If you have a look on gardening forums you’ll see that there is a lot of discussion around the topic of tilling ground. There seems to be varied views on whether or not you should till ground. Some say it does no good, while others say that you actually harm the soil by tilling it. Should you till your ground? Well, the answer is a very unsatisfying “Maybe” because it depends on a number of factors.
When You Should Till
The argument for tilling is a valid one if you’re faced with these conditions. If you’re breaking new ground then you’re probably going to need to till it before you can plant. In the good old days you’d have to go at it with a hoe or get out a small plow to hook up to your horse. Fortunately today we have rototillers, also known as a cultivator, that make the hob a lot easier.
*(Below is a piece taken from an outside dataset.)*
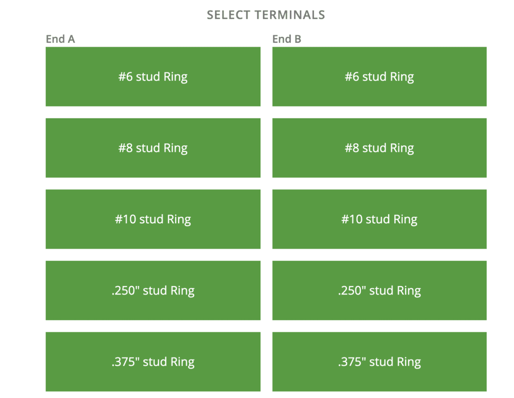 3) A and B-Side Terminal Selection: Side A and B are both offered in five sizes. Simply choose the correct size needed for the job.

If your veggie garden is completely bare at the end of the season then it might be a good idea to till it before planting again. You can then cover it with cardboard or newspaper and then throw compost and muclh on top of it. In a few weeks you’ll have great soil ready to plant and you can then go the no till route afterwards.
If you want to speed up decomposition and try to add organic material into your soil the tilling will definitely speed up the process. Just make sure that you don’t till ground that is full of root spreading weeds because that will just make a bad problem worse.
When You Shouldn’t Till
The argument against tilling is that it destroys the structure of the soil. Gardeners in this camp will tell you that tilling may solve some short term problems but, in the long term, the soil suffers because of it. At best they say that you may just be wasting your time and effort.
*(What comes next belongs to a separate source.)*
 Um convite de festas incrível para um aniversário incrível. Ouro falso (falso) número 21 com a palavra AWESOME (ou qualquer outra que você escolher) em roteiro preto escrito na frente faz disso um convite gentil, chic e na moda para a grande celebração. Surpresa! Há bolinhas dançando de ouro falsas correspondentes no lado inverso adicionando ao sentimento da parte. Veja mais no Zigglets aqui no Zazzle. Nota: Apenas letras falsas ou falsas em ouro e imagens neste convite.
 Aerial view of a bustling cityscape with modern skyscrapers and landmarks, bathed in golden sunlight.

Nature does have a way of doing its own tilling. Earthworms and other creepy crawlies make their way through the soil and do a good job of keeping the soil in good condition. These bugs do some great natural aeration of the soil. Running a rototiller through soil can damage the healthy bacteria and kill the earthworms.
Choosing The Right Tiller
If you feel that you must till then make sure you get the right tiller for the job. For softer soil and established gardens you can save yourself some money and get a smaller front tine tiller. If your soil is hard clay, rocky or full of roots then you’re going to need to get a rear tine tiller to get the job done properly. These can be pricey but it’s the only way to go if you need to break new, hard ground. Make sure you read some rear tine tiller reviews before choosing so that you get the best rear tiller for the job.
Perhaps the best strategy is to be patient and take the long-term view with your soil. Take good care of the soil and within a few years, you’ll have ground that is fairly weed free and doesn’t need any tilling or digging. If you absolutely feel like you need to till then make sure that you don’t till too deeply. Happy gardening!